Not exactly. Eli is a deeply religious character, but he isn't the sneaky Bible-beater we're used to. He doesn't try to trick you toward salvation with a barbecue that turns out to be a Christ-recruitment, and he won't be handing you a rapture pamphlet from his Jesus-fish satchel bag. He doesn't care to spread the word whatsoever. He isn't a Good Samaritan. He doesn't turn the other cheek. He decapitates his enemies, eats cats, ignores rapes and engages in the unholy terror that is "contemporary music." It all makes you feel a whole lot better about only showing up to church on Easter.

But it is this character, (and a flash-bang of an ending,) which makes "The Book of Eli" worth watching.
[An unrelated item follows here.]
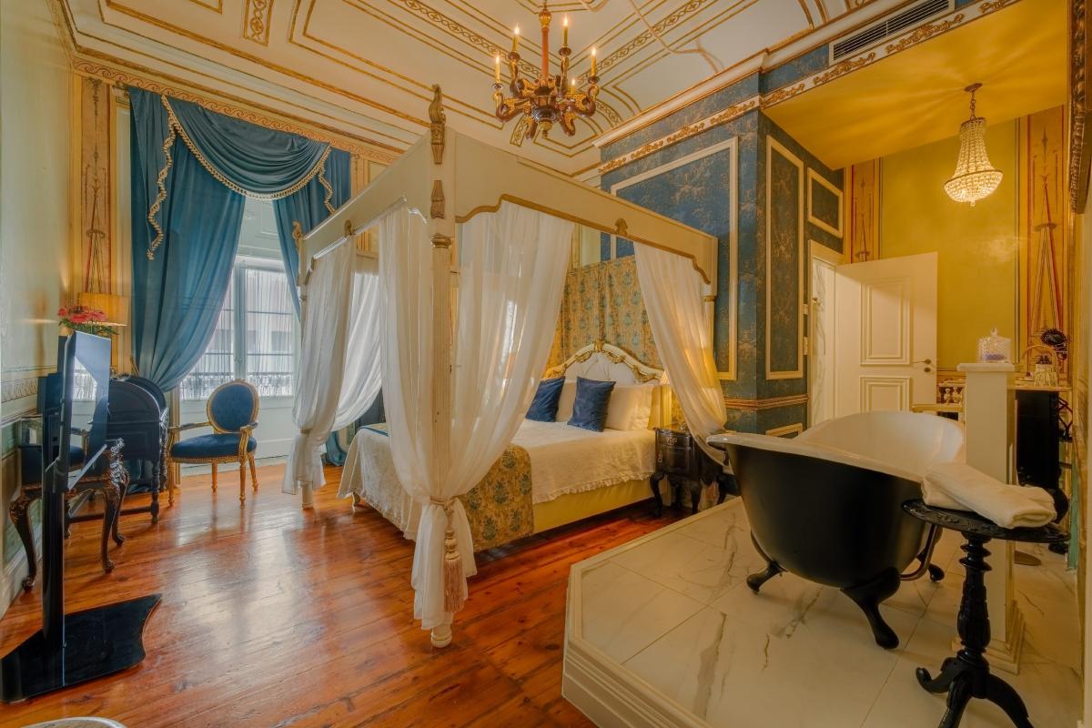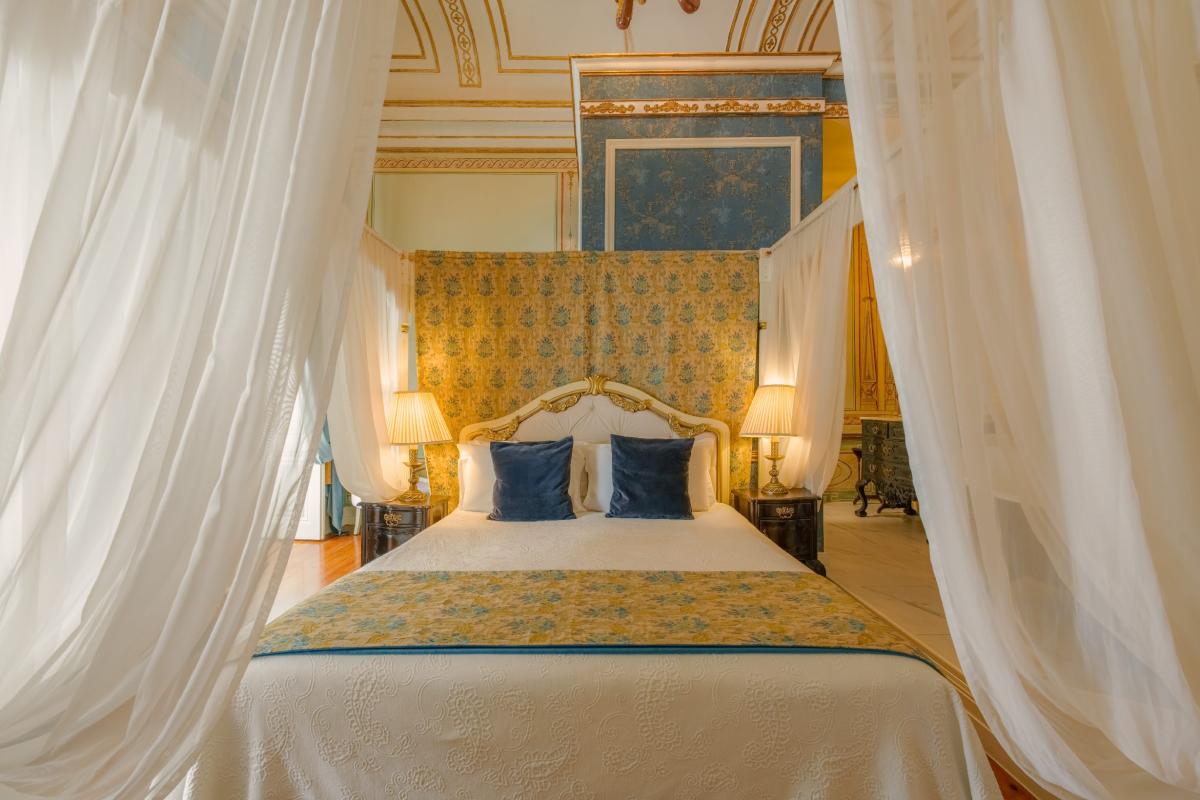 This luxurious suite presents a refined environment of pure comfort, conveying a feeling of exclusivity. The classic decor, with golden details and a clear canopy, creates a romantic and sophisticated atmosphere. The combination of polished wooden floors, lush blue curtains and soft cream and gold tones creates a serene atmosphere, perfect for relaxing. The elevated bathtub invites moments of pure relaxation. The small balconies add a visual connection to the outside, expanding the feeling of space and offering a city setting.

When tremendous moments of tragedy occur, the masses turn to their assortment of gods for guidance. Washington plays the lead with his usual strength, providing an intriguing study of the battle between morality and survival. And somewhere between these two walks of life are giant man-eating biker-boars that see your mouth-hole as a tempting opportunity for love.
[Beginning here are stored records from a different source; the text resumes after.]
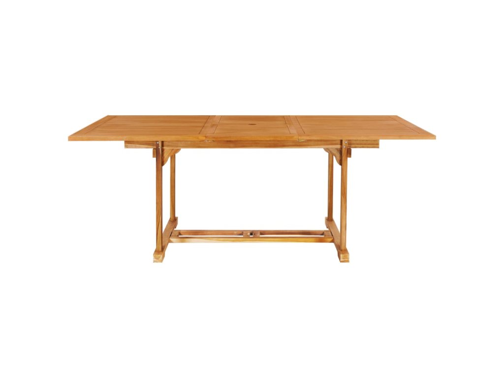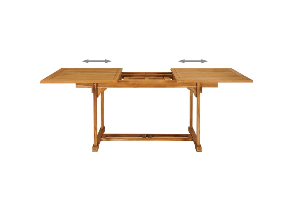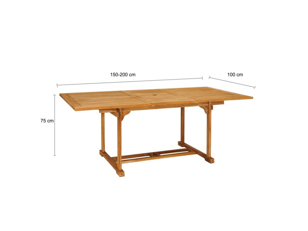 Nábytek odolává vlhkosti a hmyzu. Je ošetřený krásnou povrchovou úpravou, která dřevu dává teplou barvu. Jídelní stůl se speciálním designem je možné rozšířit až o maximálně 200 cm, pokud je zapotřebí více místa. Má také otvor pro deštník, který poskytuje ochranu před sluncem. Židle, které můžete složit, když je nepoužíváte, vám poskytnou pohodlí a skvělé místo, kde můžete trávit čas s rodinou a přáteli. Tuto sadu lze navíc snadno čistit vlhkým hadříkem.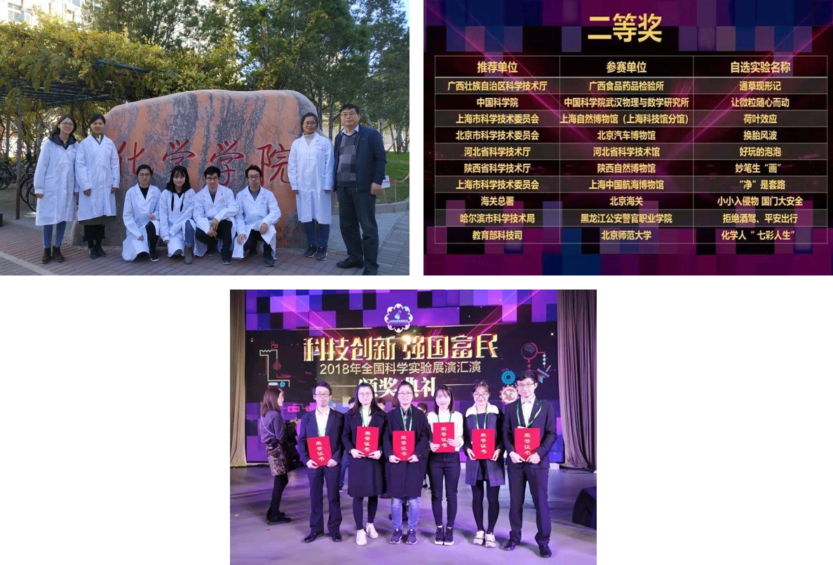 10月30日,由中国科学院科学传播局、科技部政策法规与监督司主办,以“科技创新,强国富民”为主题的2018年全国科学实验展演汇演在中科院物理所举行,来自全国35个参赛单位的96组科学实验展演团队齐聚北京,为公众呈现了一场生动有趣、精妙绝伦的科学表演盛宴,该展演汇演宗旨在于深入贯彻党的十九大精神,弘扬科学精神,普及科学知识,助力科技强国梦。51吃瓜 参赛团队——孙根班课题组和卢忠林课题组联合组成科普团队,以“化学人——七彩人生”为参赛节目,将化学与材料学科交叉领域的学术成果与趣味化学实验相结合,既体现了当前化学领域和材料领域的研究前沿和热点,也表现出了极具观赏性的实验现象。该团队由北师大科技处推荐,教育部科技司进行初选,最终拿到进入决赛的资格。该团队经过一个多月的周密筹备与紧张排练,个人简介VCR制作,在10月30和10月31日两天的激烈角逐最终从专业科普表演队伍中脱颖而出,荣获2018年全国科学实验汇演展演大赛二等奖。据了解,本次比赛共设置10项一等奖,20项二等奖,30项三等奖,其余为优秀奖。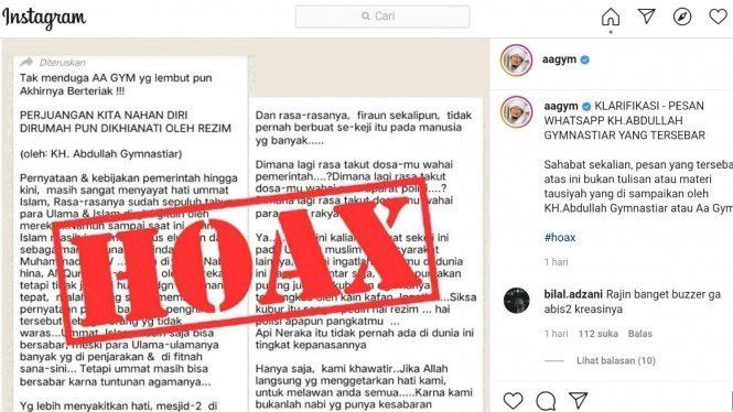 "Semoga tidak terjadi lagi informasi hoax yang mengatasnamakan orang lain, karena itu sangat merugikan serta dzolim." lanjut Aa Gym.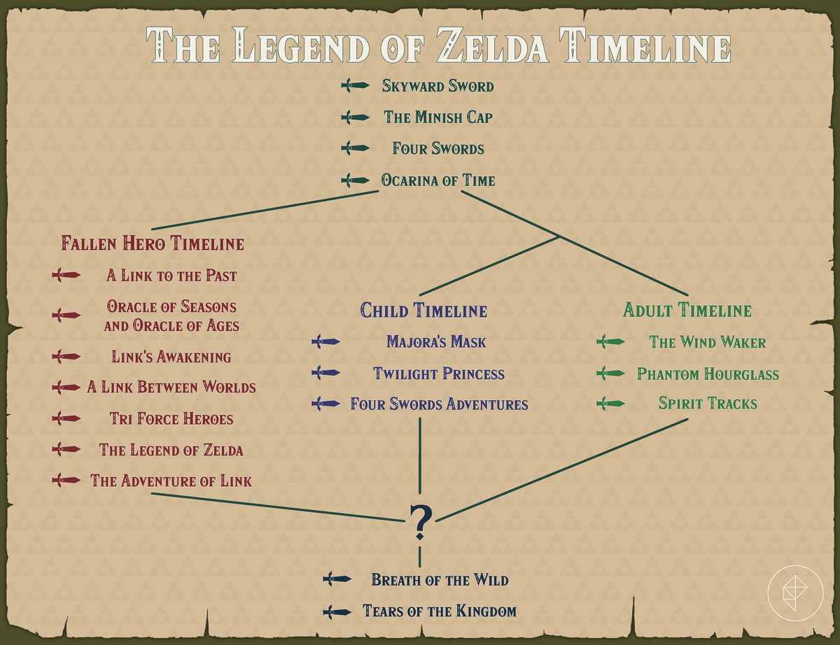 고맙게도 2011년에 The Legend of Zelda: Hyrule Historia에서 처음으로 공식적으로 게시된 타임라인을 얻었습니다. (젤다 시리즈의 크리에이티브 팀은 2003년 이전에 비공개 버전의 타임라인을 가지고 있었습니다.) 이 공식 타임라인은 게임을 세 가지 가능한 결과로 분기되는 응집력 있는 타임라인으로 재정렬합니다.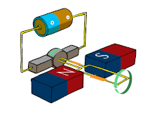 If the current is DC, split-ring commutators are required to create a DC motor. This is shown
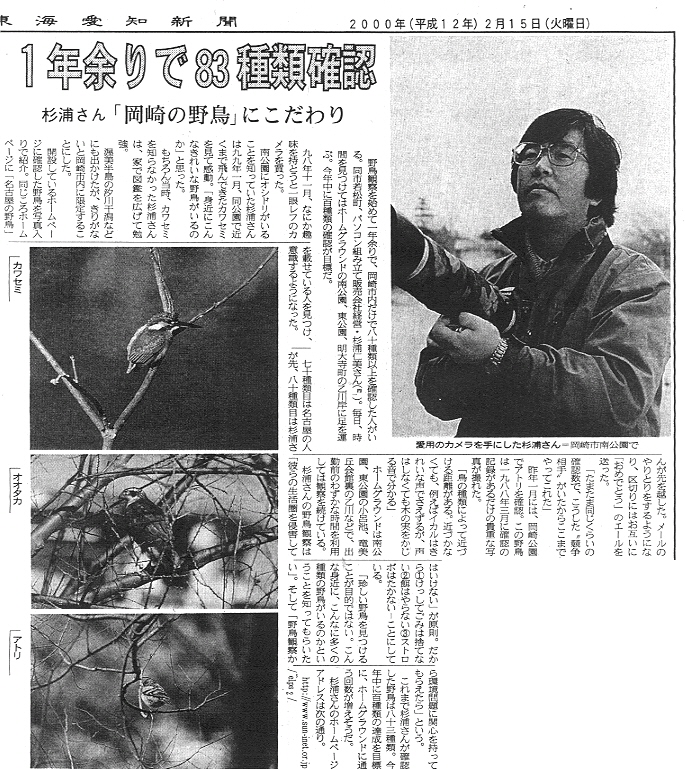 2000.02.15.「岡崎の野鳥」が郷土の日刊紙「東海愛知新聞」で紹介されました。

The supporting cast is less impressive.

Gary Oldman barks his way through the typical villain role but at least holds up his end of the power balance.

The biggest catastrophe has nothing to do with earth-shattering sun-destruction, but rather Mila Kunis's performance. With all the prowess of a drowning mannequin, Kunis appears to be modeling for a sunglasses commercial, styling and profiling through lackluster scenes.

Much like a throw pillow, placed on beds for aesthetic attention, she should be removed when activities are taking place. Among these activities, acting while standing around and looking wicked hot is still encouraged.

Just as Seth Rogen's "Observe and Report" accidentally followed in the kid-friendly footsteps of "Paul Blart: Mall Cop," this could have easily become a mega-sequel to "The Road."

The recycling of apocalyptic movie material is brutally obvious but bearable. Heed only this one bit of advice: The sheer ridiculousness of the 10-minute ending is worth the disgusting impossibility of the two hours that came before it.